GMP stands for Good Manufacturing Practices, which is a system used in the pharmaceutical industry to make sure that goods are regularly produced and monitored in accordance with quality standards. The FDA’s current Good Manufacturing Practices requirements are referred to as cGMP or current GMP which indicates that the company follows the most recent GMP specifications. The World Health Organization (WHO) has its own set of GMP guidelines, called the WHO GMP. Different countries can also set their own guidelines for GMP like China (Chinese GMP) or the EU (EU GMP).

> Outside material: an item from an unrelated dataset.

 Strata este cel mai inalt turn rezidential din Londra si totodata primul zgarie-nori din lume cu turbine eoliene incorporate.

PharmaCompass offers a list of Metilbromuro de homatropina GMP manufacturers, exporters & distributors, which can be sorted by USDMF, JDMF, KDMF, CEP (COS), WC, API price, and more, enabling you to easily find the right Metilbromuro de homatropina GMP manufacturer or Metilbromuro de homatropina GMP API supplier for your needs.
A Metilbromuro de homatropina CoA (Certificate of Analysis) is a formal document that attests to Metilbromuro de homatropina's compliance with Metilbromuro de homatropina specifications and serves as a tool for batch-level quality control.

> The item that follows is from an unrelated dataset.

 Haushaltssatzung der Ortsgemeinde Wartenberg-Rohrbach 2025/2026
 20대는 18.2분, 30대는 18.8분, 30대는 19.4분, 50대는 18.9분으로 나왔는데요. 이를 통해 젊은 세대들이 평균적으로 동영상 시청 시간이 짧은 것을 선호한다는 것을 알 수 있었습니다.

Metilbromuro de homatropina CoA mostly includes findings from lab analyses of a specific batch. For each Metilbromuro de homatropina CoA document that a company creates, the USFDA specifies specific requirements, such as supplier information, material identification, transportation data, evidence of conformity and signature data.
Metilbromuro de homatropina may be tested according to a variety of international standards, such as European Pharmacopoeia (Metilbromuro de homatropina EP), Metilbromuro de homatropina JP (Japanese Pharmacopeia) and the US Pharmacopoeia (Metilbromuro de homatropina USP).